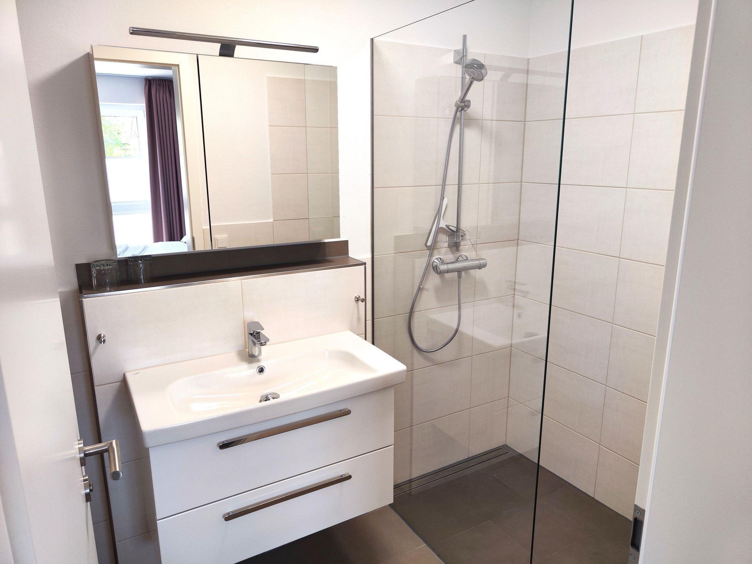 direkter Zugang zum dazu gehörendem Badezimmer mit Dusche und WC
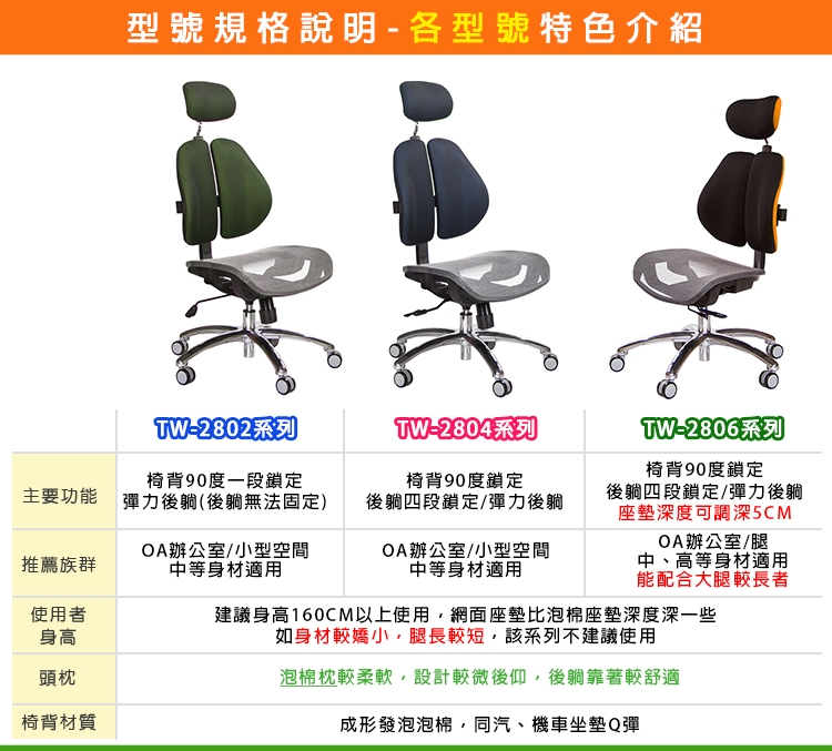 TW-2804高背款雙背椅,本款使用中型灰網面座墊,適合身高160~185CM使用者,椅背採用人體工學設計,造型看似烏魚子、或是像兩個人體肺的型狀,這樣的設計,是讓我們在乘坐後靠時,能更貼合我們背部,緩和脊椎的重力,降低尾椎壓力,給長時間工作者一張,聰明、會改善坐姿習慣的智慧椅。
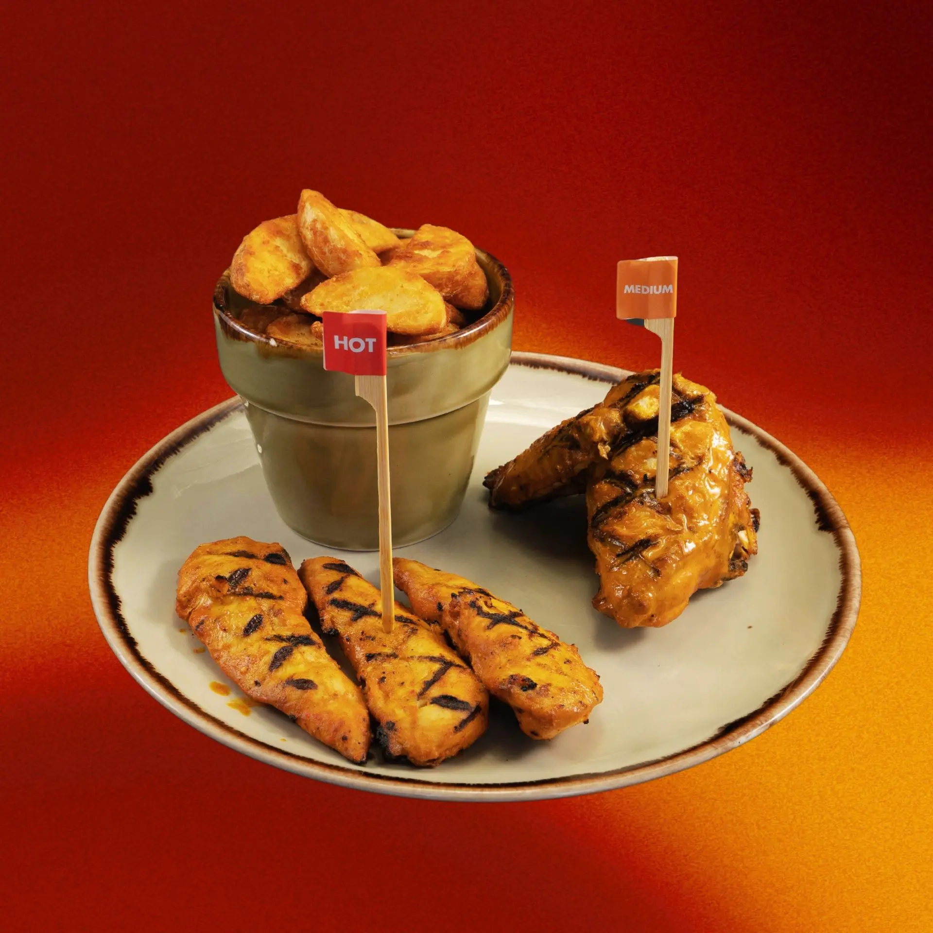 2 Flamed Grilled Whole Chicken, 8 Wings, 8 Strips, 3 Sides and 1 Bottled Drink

****************

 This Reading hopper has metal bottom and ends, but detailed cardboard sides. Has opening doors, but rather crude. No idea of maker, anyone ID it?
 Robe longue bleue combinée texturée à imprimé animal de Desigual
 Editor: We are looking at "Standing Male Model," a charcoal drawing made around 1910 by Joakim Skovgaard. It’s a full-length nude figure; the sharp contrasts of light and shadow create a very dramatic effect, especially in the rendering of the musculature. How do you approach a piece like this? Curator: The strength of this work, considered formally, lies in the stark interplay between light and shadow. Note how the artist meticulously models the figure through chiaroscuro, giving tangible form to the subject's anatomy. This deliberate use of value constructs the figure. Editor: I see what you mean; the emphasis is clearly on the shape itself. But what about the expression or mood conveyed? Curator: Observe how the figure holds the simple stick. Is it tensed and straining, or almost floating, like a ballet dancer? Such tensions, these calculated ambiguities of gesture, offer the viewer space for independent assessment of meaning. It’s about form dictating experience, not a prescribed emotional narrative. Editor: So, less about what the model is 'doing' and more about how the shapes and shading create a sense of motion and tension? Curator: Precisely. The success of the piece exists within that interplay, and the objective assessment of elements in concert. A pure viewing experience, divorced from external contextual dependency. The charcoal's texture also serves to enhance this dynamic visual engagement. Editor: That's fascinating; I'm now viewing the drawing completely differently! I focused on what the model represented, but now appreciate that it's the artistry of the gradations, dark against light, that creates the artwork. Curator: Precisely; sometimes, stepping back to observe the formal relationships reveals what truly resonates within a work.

****************

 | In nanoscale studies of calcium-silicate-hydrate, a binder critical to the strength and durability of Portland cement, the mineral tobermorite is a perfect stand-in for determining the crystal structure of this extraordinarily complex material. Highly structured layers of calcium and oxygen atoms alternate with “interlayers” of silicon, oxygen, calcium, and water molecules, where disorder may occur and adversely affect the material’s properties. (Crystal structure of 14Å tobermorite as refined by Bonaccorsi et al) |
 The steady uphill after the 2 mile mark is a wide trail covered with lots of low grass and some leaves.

****************

TASK REQUIREMENTS: Which part of the entries opens with the line containing "direkter Zugang zum" and closes with the line containing "2 Flamed Grilled"? Output that part exactly, ends included, pictures excluded.

YOUR SOLUTION:
 direkter Zugang zum dazu gehörendem Badezimmer mit Dusche und WC
 TW-2804高背款雙背椅,本款使用中型灰網面座墊,適合身高160~185CM使用者,椅背採用人體工學設計,造型看似烏魚子、或是像兩個人體肺的型狀,這樣的設計,是讓我們在乘坐後靠時,能更貼合我們背部,緩和脊椎的重力,降低尾椎壓力,給長時間工作者一張,聰明、會改善坐姿習慣的智慧椅。
 2 Flamed Grilled Whole Chicken, 8 Wings, 8 Strips, 3 Sides and 1 Bottled Drink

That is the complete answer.